• The task
Going line by line through the records below, write out everything starting with the line containing "S-5XL Kadın Günlük" and going on through the line containing "没去过巴黎,也不知道巴黎的地", exactly and inclusively. Pictures do not go in.

• Data section

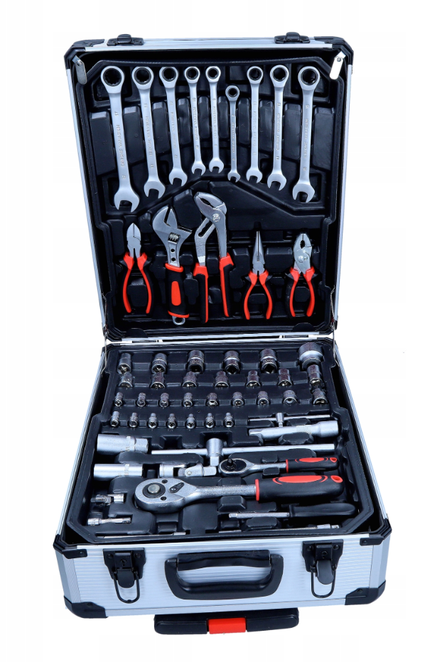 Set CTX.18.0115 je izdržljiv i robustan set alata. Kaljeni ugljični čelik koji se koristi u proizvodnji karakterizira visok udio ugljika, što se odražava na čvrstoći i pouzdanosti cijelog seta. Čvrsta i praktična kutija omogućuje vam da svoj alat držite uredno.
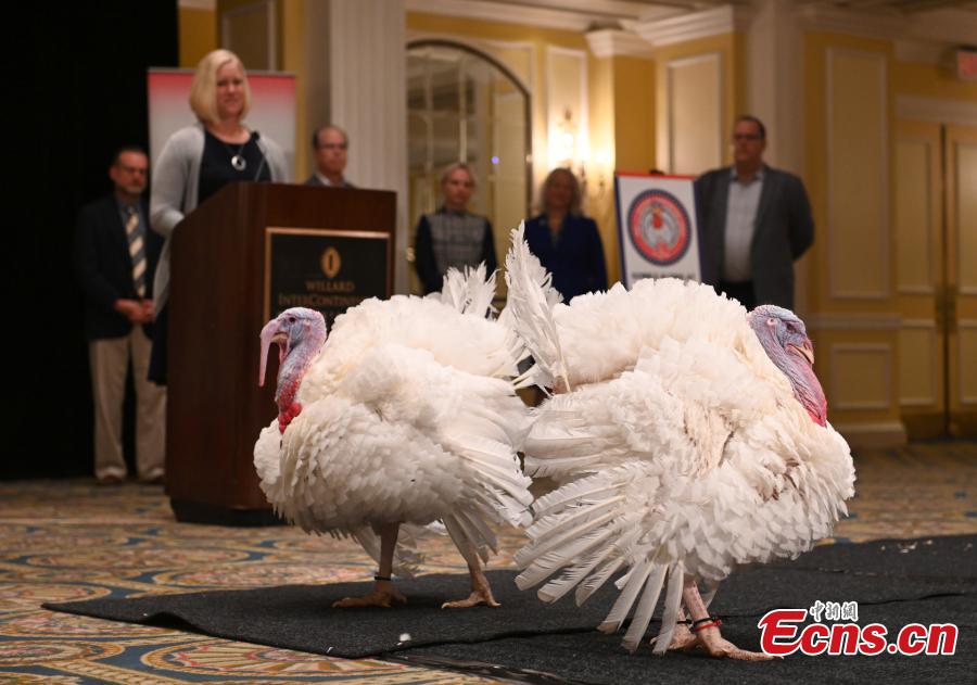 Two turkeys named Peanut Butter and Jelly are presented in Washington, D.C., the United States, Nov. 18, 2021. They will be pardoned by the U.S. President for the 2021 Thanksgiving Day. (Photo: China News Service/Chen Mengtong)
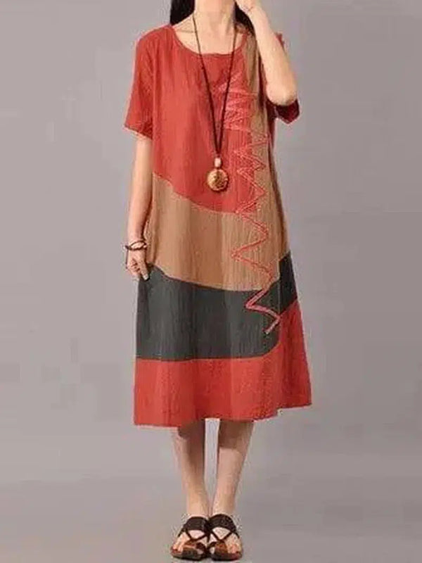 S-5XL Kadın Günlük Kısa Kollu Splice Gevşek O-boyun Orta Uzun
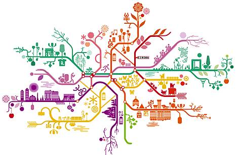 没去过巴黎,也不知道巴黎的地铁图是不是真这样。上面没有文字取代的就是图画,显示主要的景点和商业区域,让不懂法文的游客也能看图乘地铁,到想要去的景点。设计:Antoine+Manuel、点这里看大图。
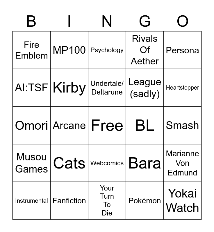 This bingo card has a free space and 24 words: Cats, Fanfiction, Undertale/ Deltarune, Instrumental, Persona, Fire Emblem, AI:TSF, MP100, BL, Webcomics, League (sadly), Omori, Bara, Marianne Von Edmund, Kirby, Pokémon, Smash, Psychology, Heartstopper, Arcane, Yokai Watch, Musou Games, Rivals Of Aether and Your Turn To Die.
* * *
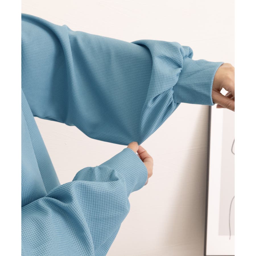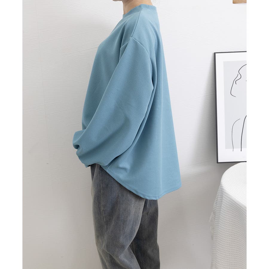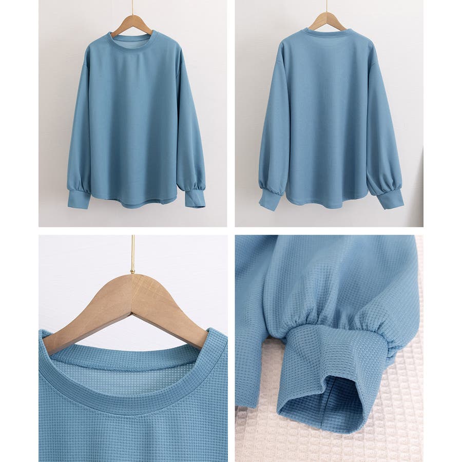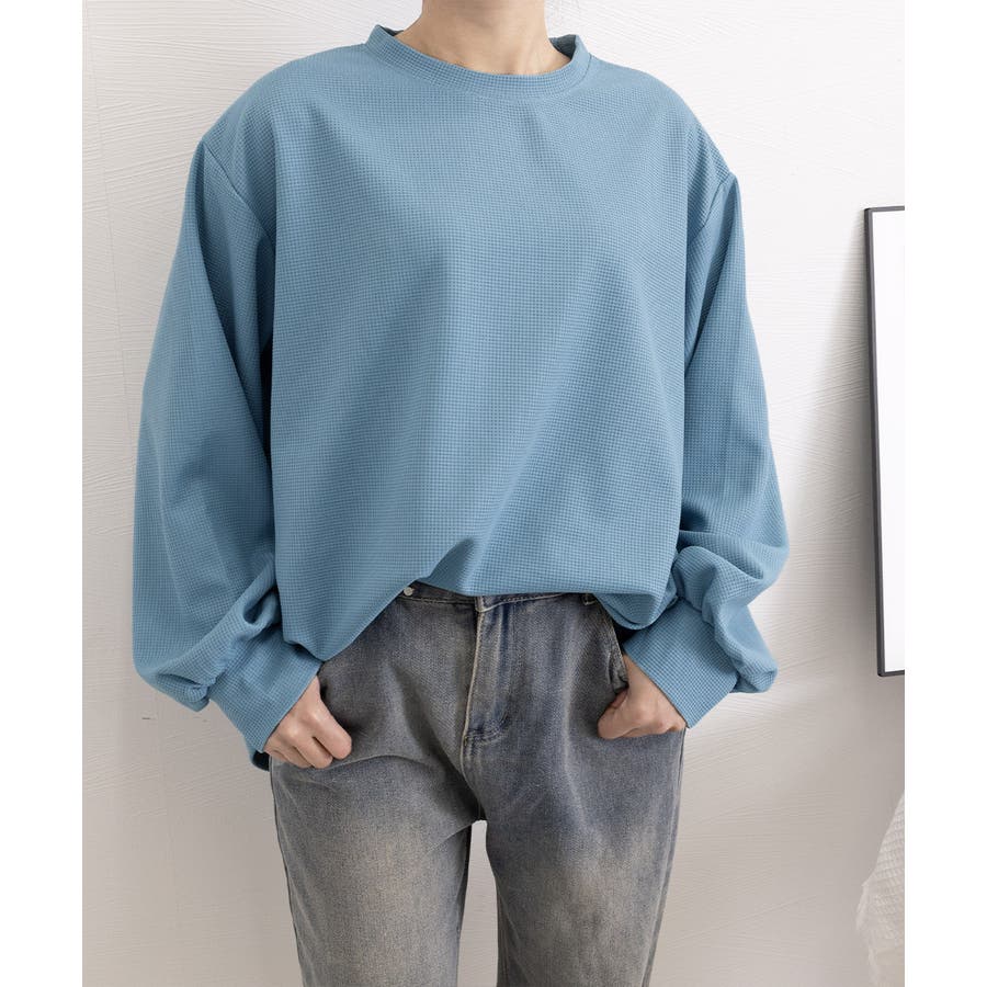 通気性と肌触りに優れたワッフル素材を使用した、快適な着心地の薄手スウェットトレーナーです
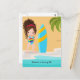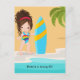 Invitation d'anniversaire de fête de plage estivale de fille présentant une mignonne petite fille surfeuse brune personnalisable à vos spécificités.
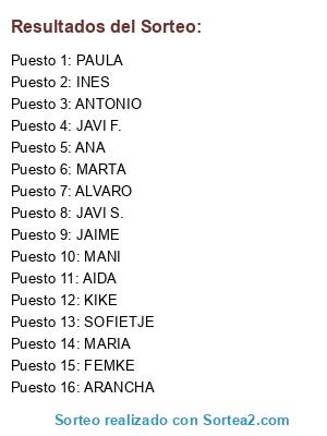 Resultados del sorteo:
---
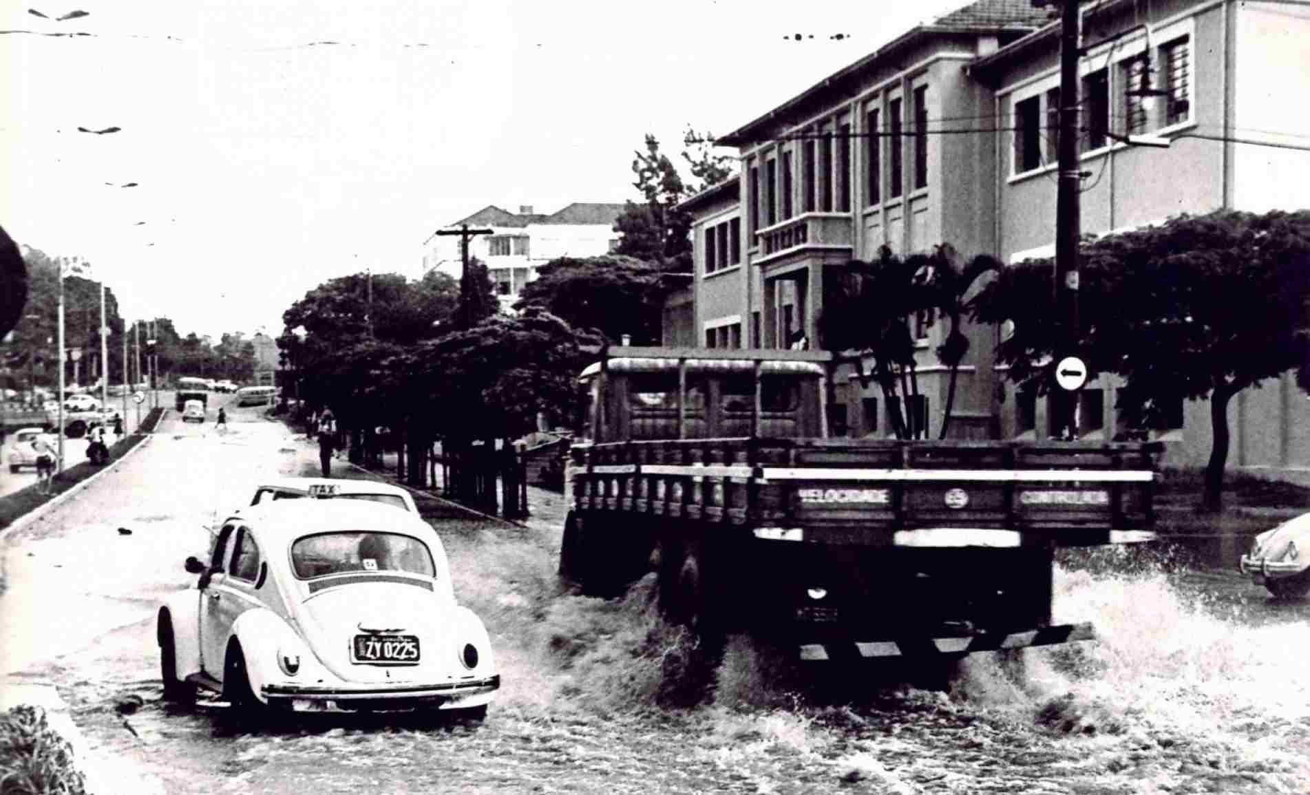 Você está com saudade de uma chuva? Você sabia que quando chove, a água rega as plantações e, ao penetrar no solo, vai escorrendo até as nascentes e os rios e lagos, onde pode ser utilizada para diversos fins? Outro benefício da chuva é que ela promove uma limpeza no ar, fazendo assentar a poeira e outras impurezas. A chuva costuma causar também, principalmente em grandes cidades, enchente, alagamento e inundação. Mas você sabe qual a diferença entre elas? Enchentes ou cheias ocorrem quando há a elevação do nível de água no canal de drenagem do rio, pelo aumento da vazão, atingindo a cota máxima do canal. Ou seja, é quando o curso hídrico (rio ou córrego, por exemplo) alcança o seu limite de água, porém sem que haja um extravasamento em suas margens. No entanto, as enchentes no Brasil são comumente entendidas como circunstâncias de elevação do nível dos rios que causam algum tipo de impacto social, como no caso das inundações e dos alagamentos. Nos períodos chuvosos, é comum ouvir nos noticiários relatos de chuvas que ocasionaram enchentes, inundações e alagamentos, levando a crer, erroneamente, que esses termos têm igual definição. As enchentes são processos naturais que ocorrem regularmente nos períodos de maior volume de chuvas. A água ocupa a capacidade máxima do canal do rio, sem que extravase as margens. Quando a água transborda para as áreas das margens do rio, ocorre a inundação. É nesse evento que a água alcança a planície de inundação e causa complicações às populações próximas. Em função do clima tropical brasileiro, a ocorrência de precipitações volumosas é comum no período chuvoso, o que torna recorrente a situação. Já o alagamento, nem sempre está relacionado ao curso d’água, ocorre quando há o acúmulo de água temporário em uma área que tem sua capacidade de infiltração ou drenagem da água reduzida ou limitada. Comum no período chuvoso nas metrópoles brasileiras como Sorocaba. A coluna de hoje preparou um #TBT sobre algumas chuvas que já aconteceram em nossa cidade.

• Answer space
 S-5XL Kadın Günlük Kısa Kollu Splice Gevşek O-boyun Orta Uzun
 没去过巴黎,也不知道巴黎的地铁图是不是真这样。上面没有文字取代的就是图画,显示主要的景点和商业区域,让不懂法文的游客也能看图乘地铁,到想要去的景点。设计:Antoine+Manuel、点这里看大图。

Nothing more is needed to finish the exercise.